Singhu Crime

The lynching of a man at Singhu, at the site of the farmers’ protest on the Delhi-Haryana border, the brutality of the hate crime captured and replayed on video, calls for the full force of the law to step in. The victim, Lakhbir Singh, an SC labourer who belonged to a village in Tarn Taran, was reportedly accused of an act of desecration by his killers, allegedly a group of Nihangs, who tortured him and tied the mutilated body to a police barricade.

Any matter of desecration resonates widely and deeply in a state where the lines between religion and politics have always been molten and where it also stokes the caste faultlines. But the thugs and lumpens who purportedly filmed their victim’s dying moments cannot seek any cover. They have played judge, jury, executioner, and the state must urgently identify them and bring them to book. That’s not going to be easy given the tangle of crossed wires.
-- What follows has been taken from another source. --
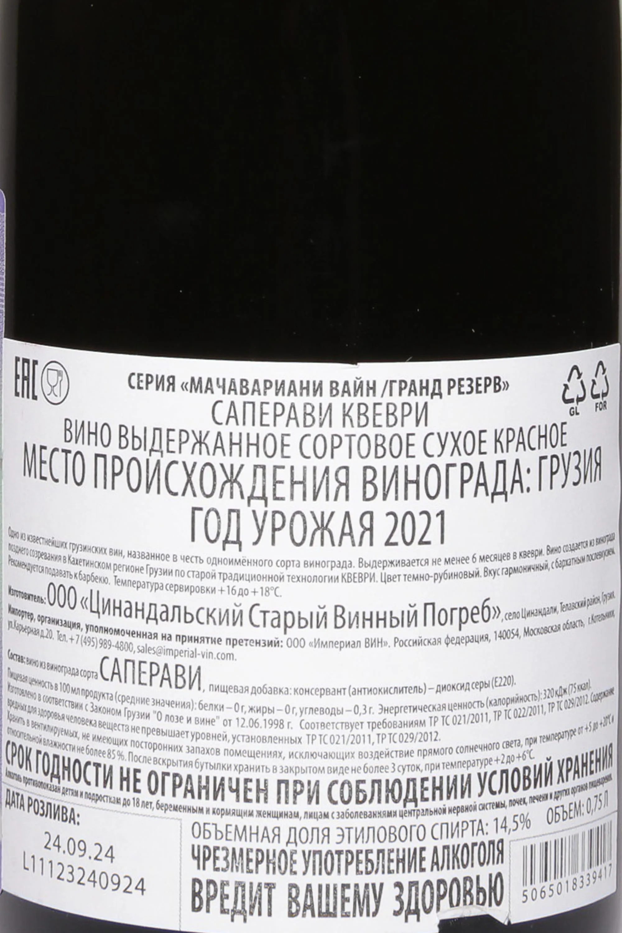 Красное сухое вино David Machavariani Saperavi Qvevri Grand Reserve 2021 года 0,75 л создано по традиционной грузинской технологии в квеври — больших глиняных амфорах, закопанных в землю. Виноград выращивают в знаменитом винном регионе Кахетия, где благоприятный климат и почвы дают ягодам высокую концентрацию вкуса и аромата. Ферментация проходит естественным способом на мезге с последующей выдержкой в квеври не менее 12 месяцев. Особенность вина — старинная технология, признанная ЮНЕСКО объектом культурного наследия человечества, и высокие оценки критиков за выраженный характер и многогранность вкуса.

The Samyukt Kisan Morcha (SKM), the umbrella body of farmers’ unions that is leading the protest in the states and at Delhi’s borders, has condemned the killing and sought to distance itself from it – both the Nihang group and the
deceased have no relation with the Kisan Morcha, it has said. That is not enough. The farmers’ movement and its leadership must look the crime in the eye, and own up to the serious questions it raises. They are well aware that a mobilisation that lasts this long – the protests against the Centre’s three farm laws began in Punjab last year in June, moving to Delhi’s borders that November – always carries a risk of being distorted from within, as much as it courts the state’s ire.

The onus is also on the SKM. It will need to find ways of sending out the unequivocal message that the farmers’ movement will not brook violence or countenance the weaponisation of religion. Pitching a wide tent may have been useful to it, amorphousness may have helped it to grow. But incidents such as the lynching on Friday demand the setting of boundaries that cannot be breached. Ahead of the assembly election, all sides, the farmers’ movement, the political parties in Punjab and the governments in the state and the Centre have the responsibility of restraint. The
2015 Bargari sacrilege case continues to actively churn politics in the state. Punjab’s hard-won peace is at stake, and a bunch of thugs not be allowed to hijack it with their show of brutality.